» EXERCISE INSTRUCTIONS: Omit all pictures, then repeat the listing exactly.

» DATA:
──────────────────────────────

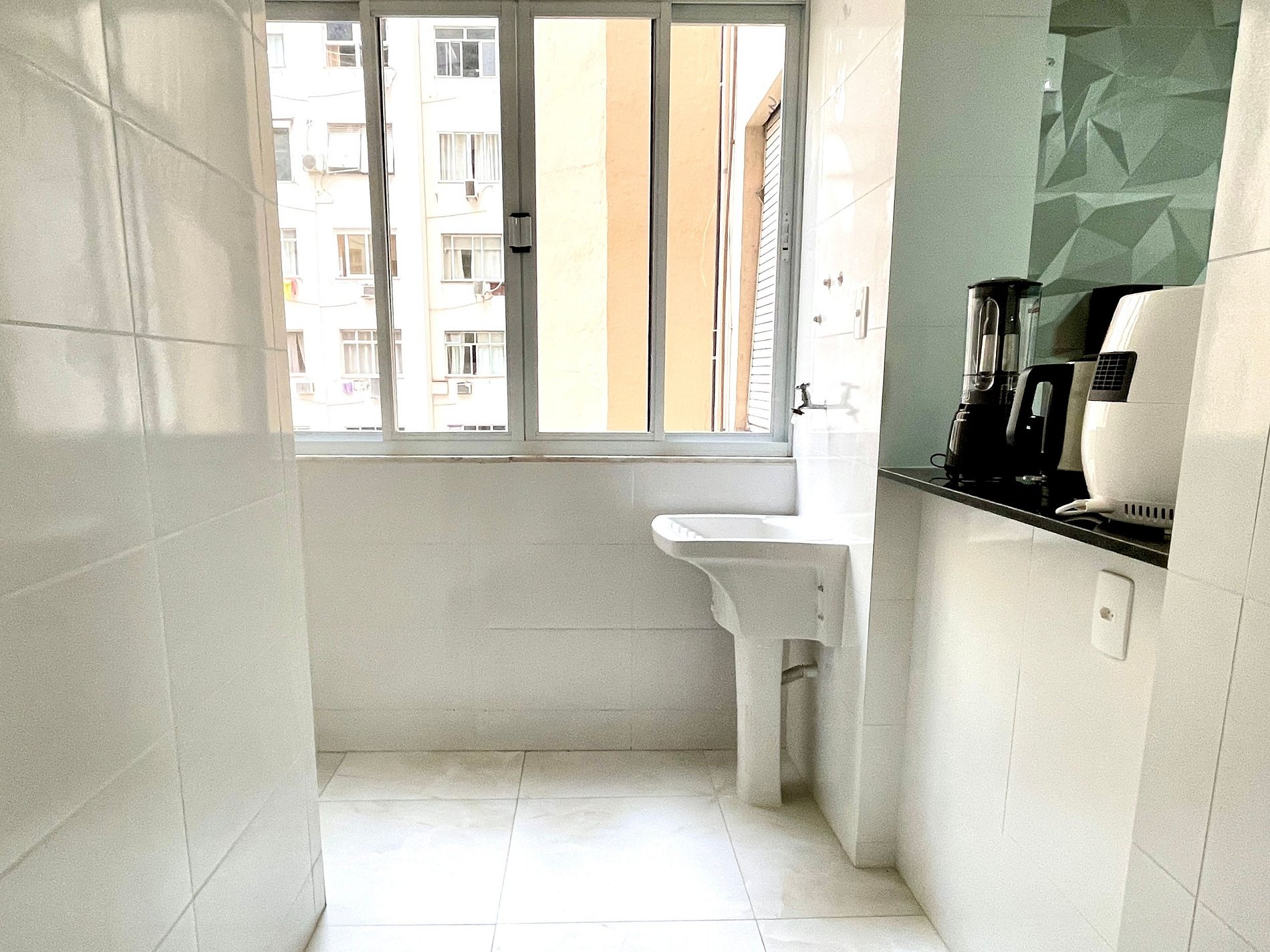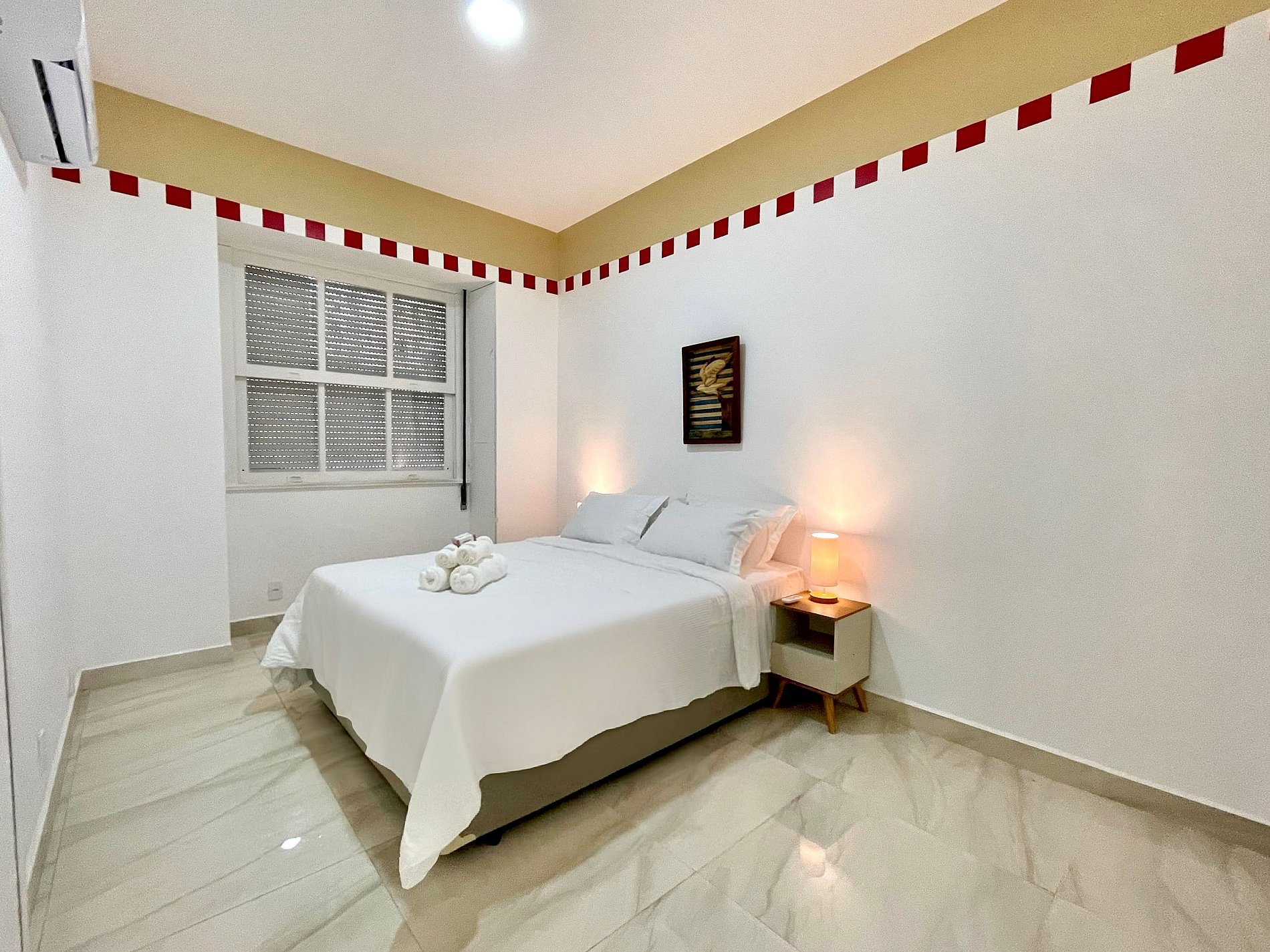 Apartamento moderno, estiloso, espaçoso, super aconchegante e localizado exatamente ao lado da Praia de Copacabana. Ideal para pessoas e famílias que vêm a lazer ou a trabalho e que buscam muito conforto, localização nobre e que possam resolver tudo a pé. Próximo a todo comércio, aos melhores bares e restaurantes, academias, estação do metro, além de estar muito próximo ao bairro de Ipanema. A portaria do edifício funciona 24h.
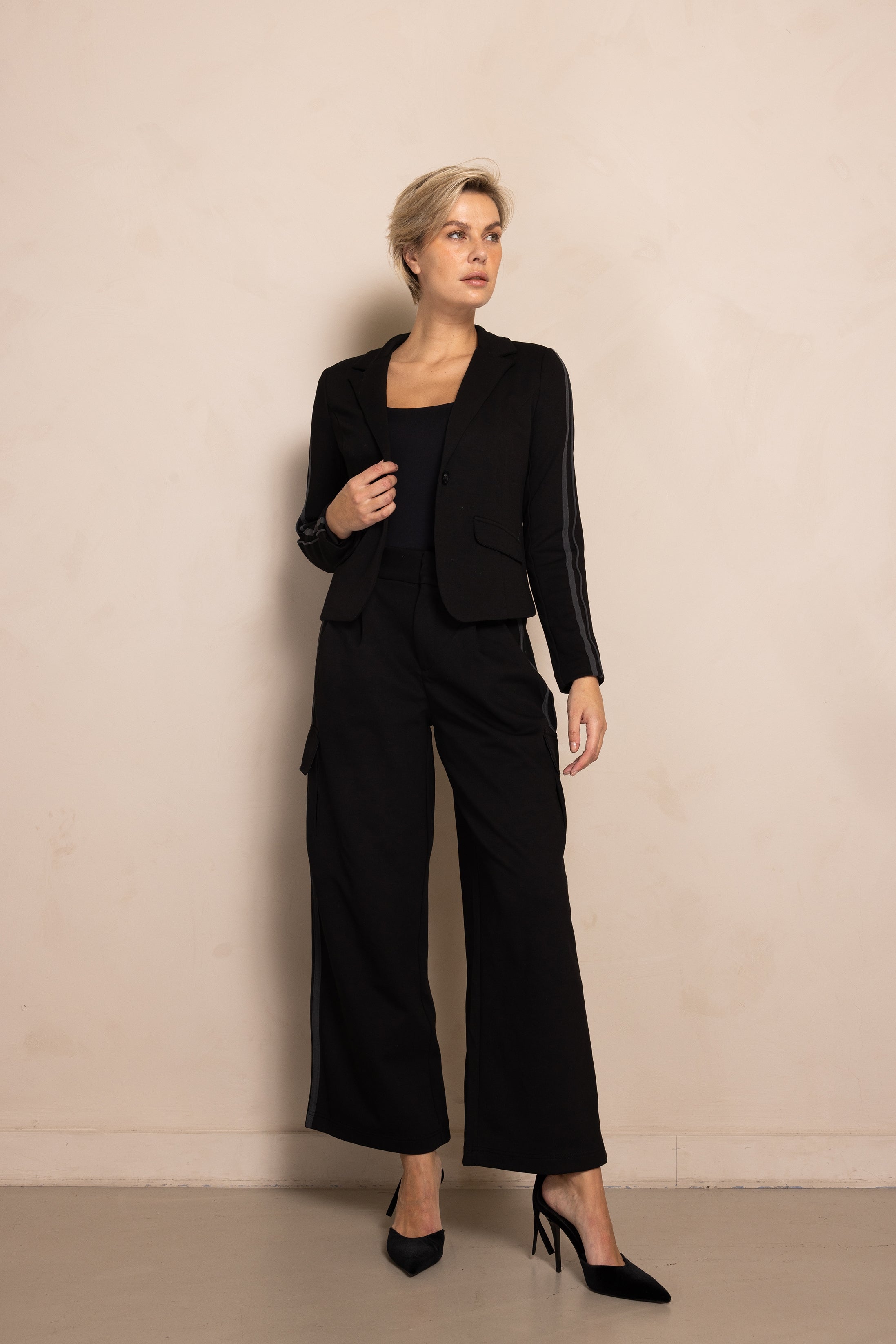 - Dezente Kontraststreifen entlang der Ärmel für einen sportlich-eleganten Look
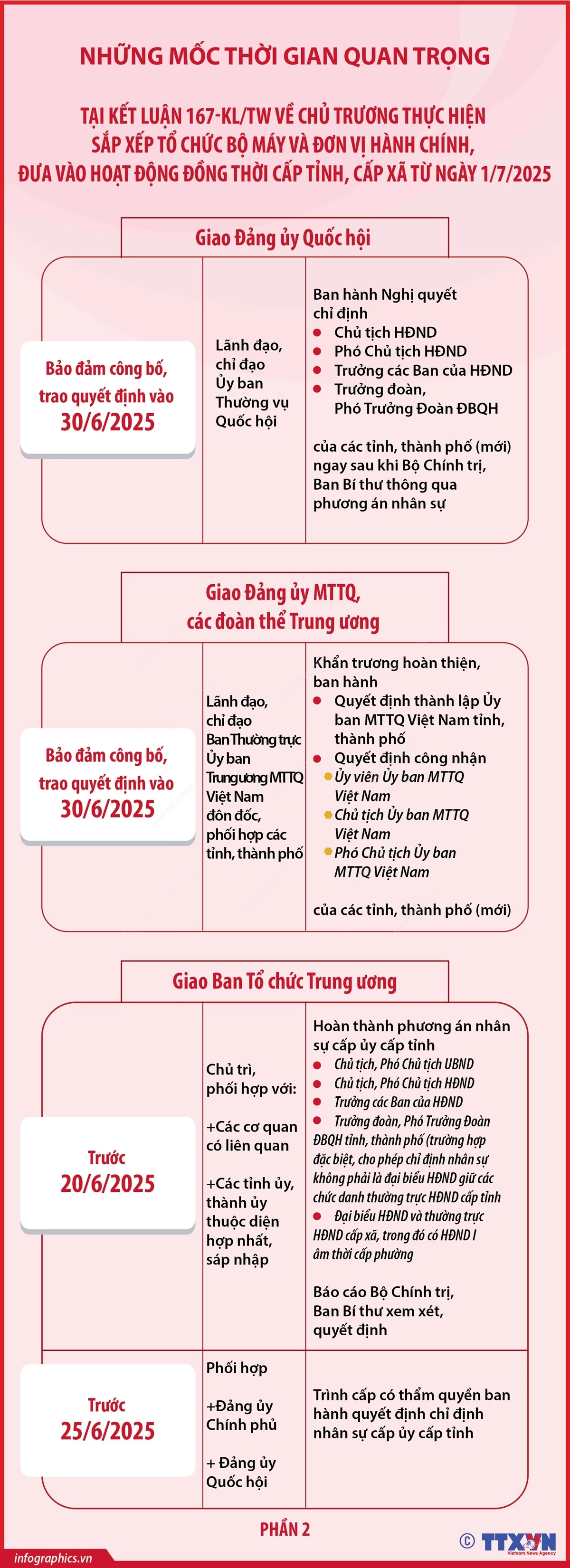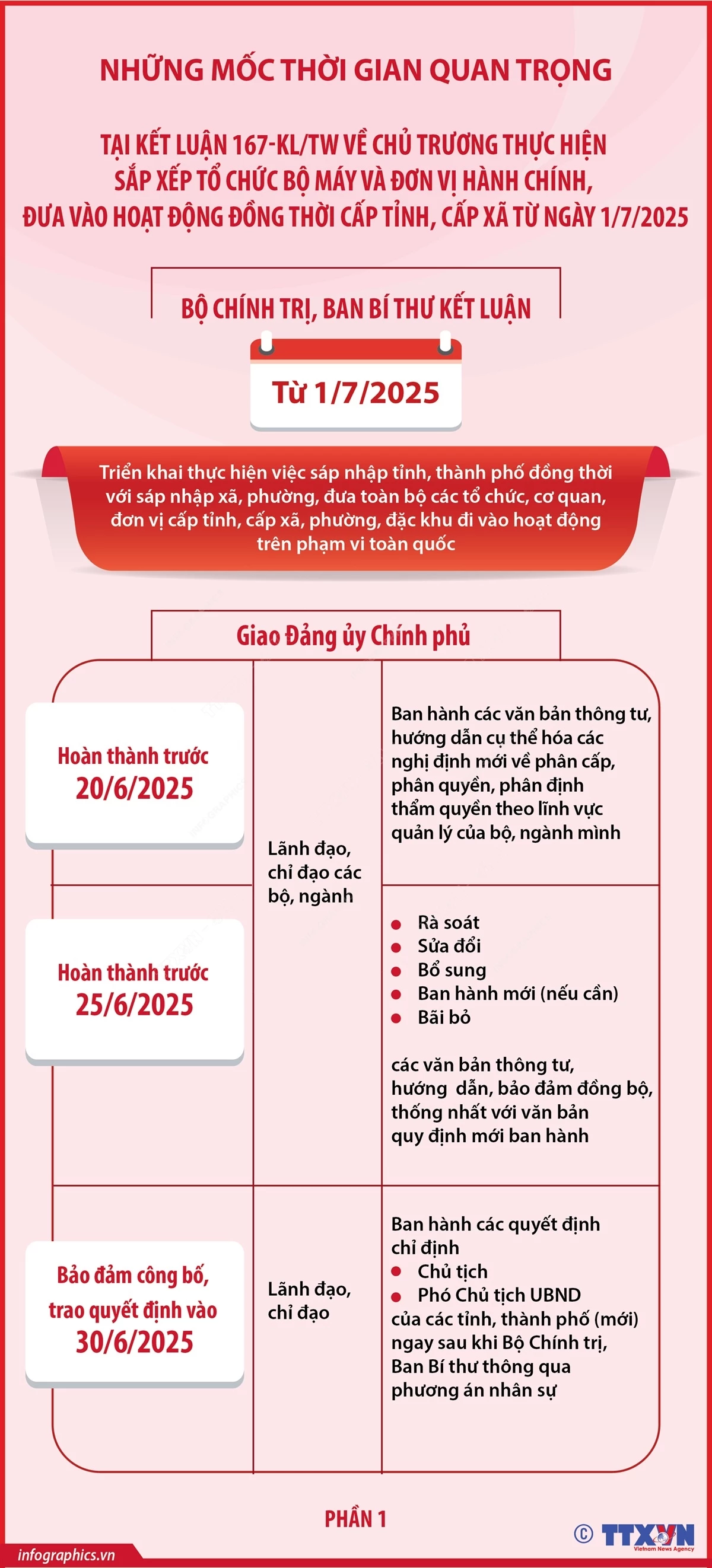 Thay mặt Bộ Chính trị, Ủy viên Bộ Chính trị, Thường trực Ban Bí thư Trần Cẩm Tú vừa ký ban hành Kết luận số 167-KL/TW (ngày 13/6/2025) của Bộ Chính trị, Ban Bí thư về chủ trương thực hiện sắp xếp tổ chức bộ máy và đơn vị hành chính, đưa vào hoạt động đồng thời cấp tỉnh, cấp xã từ ngày 1/7/2025 (gọi tắt là Kết luận số 167). Theo đó, Bộ Chính trị, Ban Bí thư kết luận: Quyết định triển khai thực hiện việc sáp nhập tỉnh, thành phố đồng thời với sáp nhập xã, phường, đưa toàn bộ các tổ chức, cơ quan, đơn vị cấp tỉnh, cấp xã, phường, đặc khu đi vào hoạt động trên phạm vi toàn quốc từ ngày 1/7/2025.

──────────────────────────────

» RESULT FOR THIS EXERCISE:
 Apartamento moderno, estiloso, espaçoso, super aconchegante e localizado exatamente ao lado da Praia de Copacabana. Ideal para pessoas e famílias que vêm a lazer ou a trabalho e que buscam muito conforto, localização nobre e que possam resolver tudo a pé. Próximo a todo comércio, aos melhores bares e restaurantes, academias, estação do metro, além de estar muito próximo ao bairro de Ipanema. A portaria do edifício funciona 24h.
 - Dezente Kontraststreifen entlang der Ärmel für einen sportlich-eleganten Look
 Thay mặt Bộ Chính trị, Ủy viên Bộ Chính trị, Thường trực Ban Bí thư Trần Cẩm Tú vừa ký ban hành Kết luận số 167-KL/TW (ngày 13/6/2025) của Bộ Chính trị, Ban Bí thư về chủ trương thực hiện sắp xếp tổ chức bộ máy và đơn vị hành chính, đưa vào hoạt động đồng thời cấp tỉnh, cấp xã từ ngày 1/7/2025 (gọi tắt là Kết luận số 167). Theo đó, Bộ Chính trị, Ban Bí thư kết luận: Quyết định triển khai thực hiện việc sáp nhập tỉnh, thành phố đồng thời với sáp nhập xã, phường, đưa toàn bộ các tổ chức, cơ quan, đơn vị cấp tỉnh, cấp xã, phường, đặc khu đi vào hoạt động trên phạm vi toàn quốc từ ngày 1/7/2025.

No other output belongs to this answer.